I suspect that this particular purchaser didn’t have a clue what he was up to and was prepared to take the adviser’s advice. Most S0urce sales were “advised”.

The reason that Source Pensions were popular was that they offered financial advisers an opportunity to do what they feel they are best at, manage the accumulating wealth of individuals. Source openly advertised their arrangement as a way for advisers of getting paid by the pension fund (AUM or “asset under management” remuneration).Source Pensions 4

As each employer had their own Source Pension, each could have their own investment structure and (by extension) there own investment managers.Source was a godsend for advisers wishing to differentiate themselves.

And it was compliant with both auto-enrolment regulations and the Retail Distribution Review.

Source Pensions 3

Ironically, the lure of being able to better govern the investment process took eyes off deficiencies in other parts of the proposition.

As it happens, the problems with Source pensions in Ireland were spotted by one of the advisers recommending Source Pensions, (someone I know to have the interests of members at his heart). He and his firm are now instrumental in rectification.

Who picks up the cost of putting things right?

We are at a stage in the purchasing cycle, where employers are still using advisers and advisers are experienced enough to sort out problems of this kind. I am sure that the advisers who recommended Source Pensions now wish they hadn’t as I expect the  rectification bill will arrive at their doorstep.

But I am more concerned about some of the smaller mastertrusts operating as qualifying workplace pension schemes which have no financial reserves for restitution, As Duncan Buchanan, one of our best pension lawyers, wrote in Pensions Expert last week.

The costs of winding up a mastertrust and distributing its assets should not be underestimated and in most cases are likely to have to be met from the members’ own retirement savings.

Accountancy practices looking at “pre-select” deals where the master trust is capable of generating management fees for themselves, should think twice. As with Source Pensions, the initial attraction of an annuity stream must be balanced against the “complicity risk’ of being associated with any failings of that trust.

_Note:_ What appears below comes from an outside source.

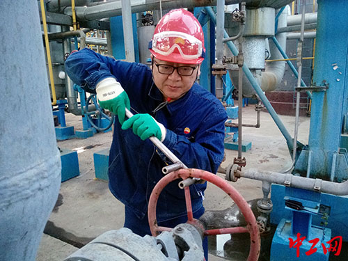 镜头转回国庆、中秋双节的第一天,下午15时,单伟芳正在装置区巡检,突然手腕一凉,一滴液体落在手腕上,随即一股刺激性气味钻进鼻子,他立即意识到是甲醇,头脑中不禁警铃大作!
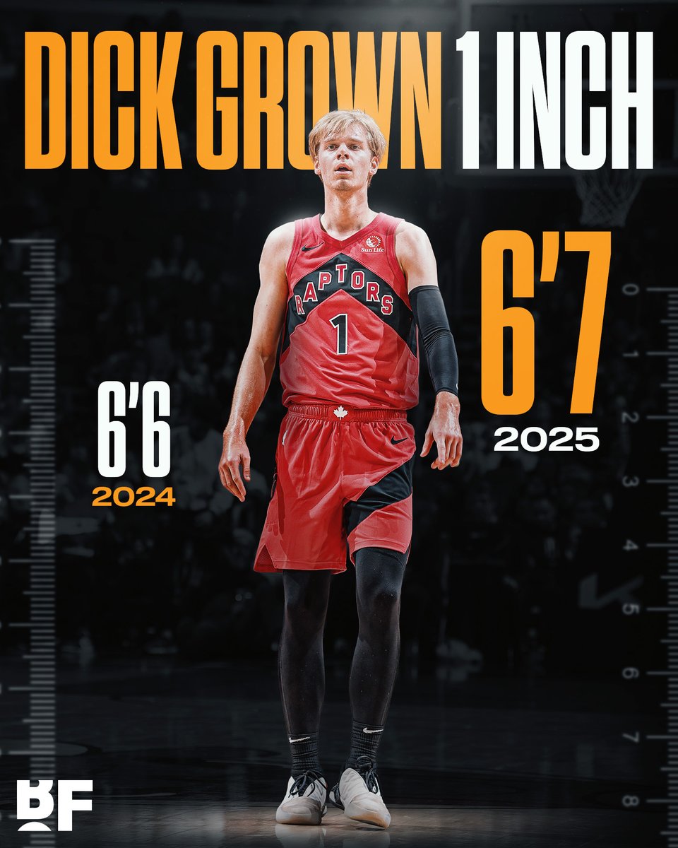 其写道:格雷迪-迪克自上个赛季以来长高了1英寸。目前他的身高登记为6英尺7英寸(约2.01m)♂

As we know from previous pensions failures, it is those with the deep pockets who will be found liable. As Duncan points out, mastertrusts have no pockets, ,members have empty pockets and the risk is likely to revert to the originator of the proposal, those pre-selecting a failed arrangement,

Expensive short-cuts

In my opinion, there can be no shortcuts in the selection of a workplace pension.

Even when choosing NEST, that choice must be made with due regard to the other options available. For most small employers,  finding out who is out there offering them pensions will be a struggle. Any thought of making an informed choice without some expert guidance is deeply problematic.

Far too little has been done by Government to address these core issues. There has been an assumption that there is market capacity to provide these selection services. There isn’t.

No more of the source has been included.